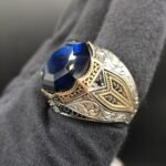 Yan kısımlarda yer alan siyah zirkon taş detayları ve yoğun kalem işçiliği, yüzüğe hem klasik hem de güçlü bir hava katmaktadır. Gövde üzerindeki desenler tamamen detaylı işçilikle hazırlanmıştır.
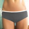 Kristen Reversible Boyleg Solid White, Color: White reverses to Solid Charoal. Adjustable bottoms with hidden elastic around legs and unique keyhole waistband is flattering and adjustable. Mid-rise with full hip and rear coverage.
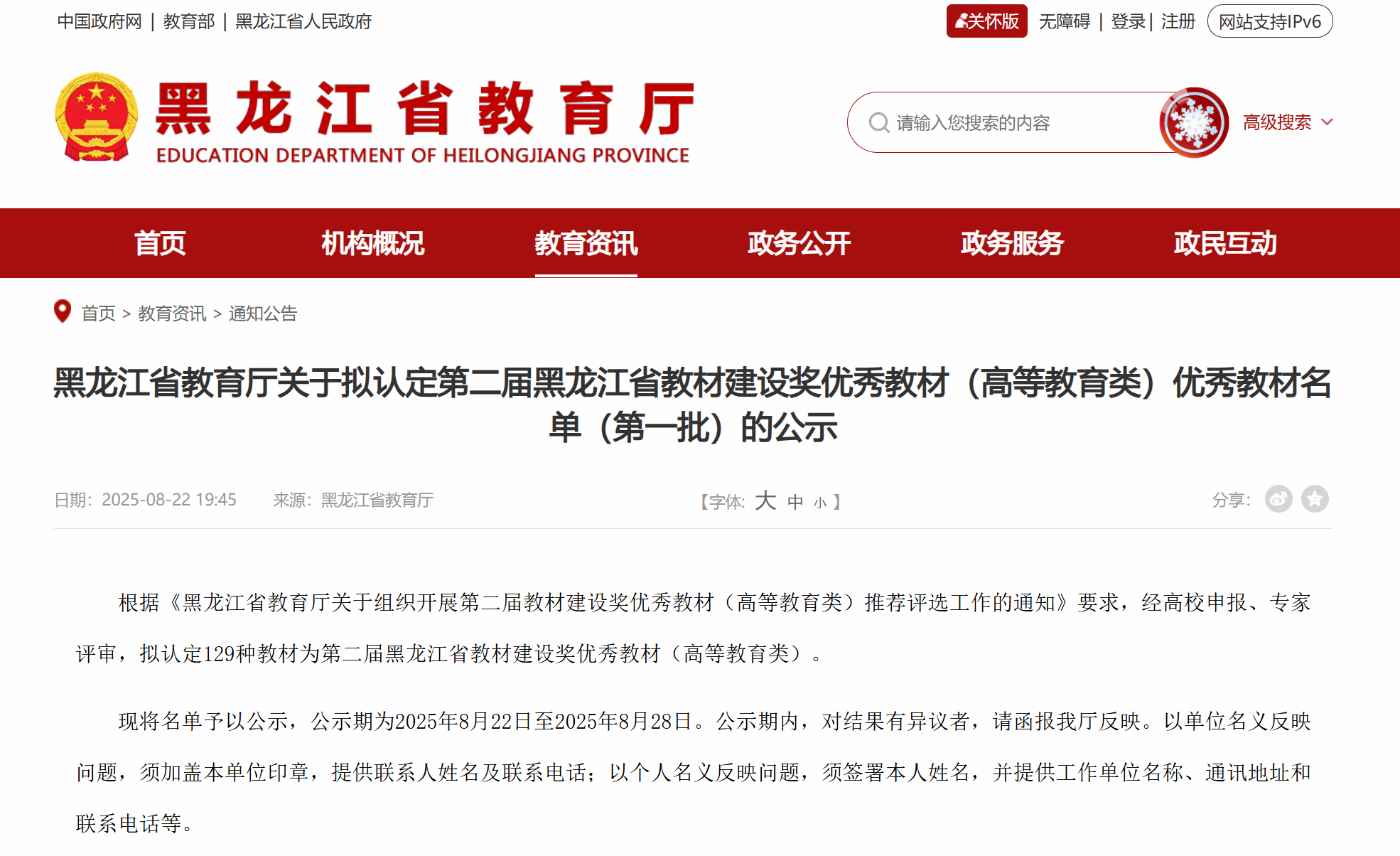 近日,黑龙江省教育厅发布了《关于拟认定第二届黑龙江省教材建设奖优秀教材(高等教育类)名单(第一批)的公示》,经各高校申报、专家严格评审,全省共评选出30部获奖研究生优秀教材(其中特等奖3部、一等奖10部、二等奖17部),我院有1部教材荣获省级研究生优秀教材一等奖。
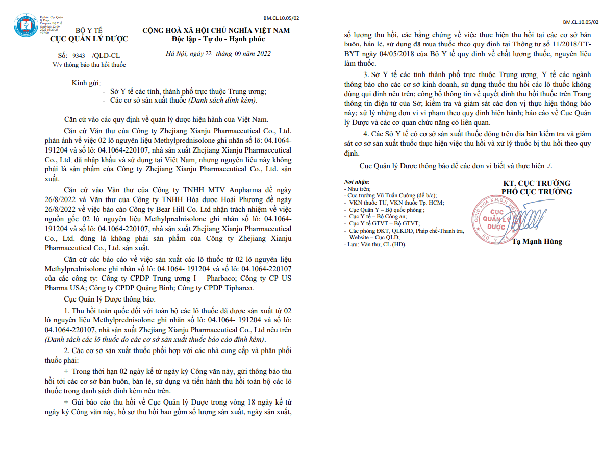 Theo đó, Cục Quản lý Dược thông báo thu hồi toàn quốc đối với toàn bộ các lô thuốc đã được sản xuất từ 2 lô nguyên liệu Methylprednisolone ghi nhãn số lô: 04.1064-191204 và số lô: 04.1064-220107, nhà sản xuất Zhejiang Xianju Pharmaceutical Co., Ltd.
⁂
An exact reproduction of the data above is required, with every picture removed.

Answer box:
 Yan kısımlarda yer alan siyah zirkon taş detayları ve yoğun kalem işçiliği, yüzüğe hem klasik hem de güçlü bir hava katmaktadır. Gövde üzerindeki desenler tamamen detaylı işçilikle hazırlanmıştır.
 Kristen Reversible Boyleg Solid White, Color: White reverses to Solid Charoal. Adjustable bottoms with hidden elastic around legs and unique keyhole waistband is flattering and adjustable. Mid-rise with full hip and rear coverage.
 近日,黑龙江省教育厅发布了《关于拟认定第二届黑龙江省教材建设奖优秀教材(高等教育类)名单(第一批)的公示》,经各高校申报、专家严格评审,全省共评选出30部获奖研究生优秀教材(其中特等奖3部、一等奖10部、二等奖17部),我院有1部教材荣获省级研究生优秀教材一等奖。
 Theo đó, Cục Quản lý Dược thông báo thu hồi toàn quốc đối với toàn bộ các lô thuốc đã được sản xuất từ 2 lô nguyên liệu Methylprednisolone ghi nhãn số lô: 04.1064-191204 và số lô: 04.1064-220107, nhà sản xuất Zhejiang Xianju Pharmaceutical Co., Ltd.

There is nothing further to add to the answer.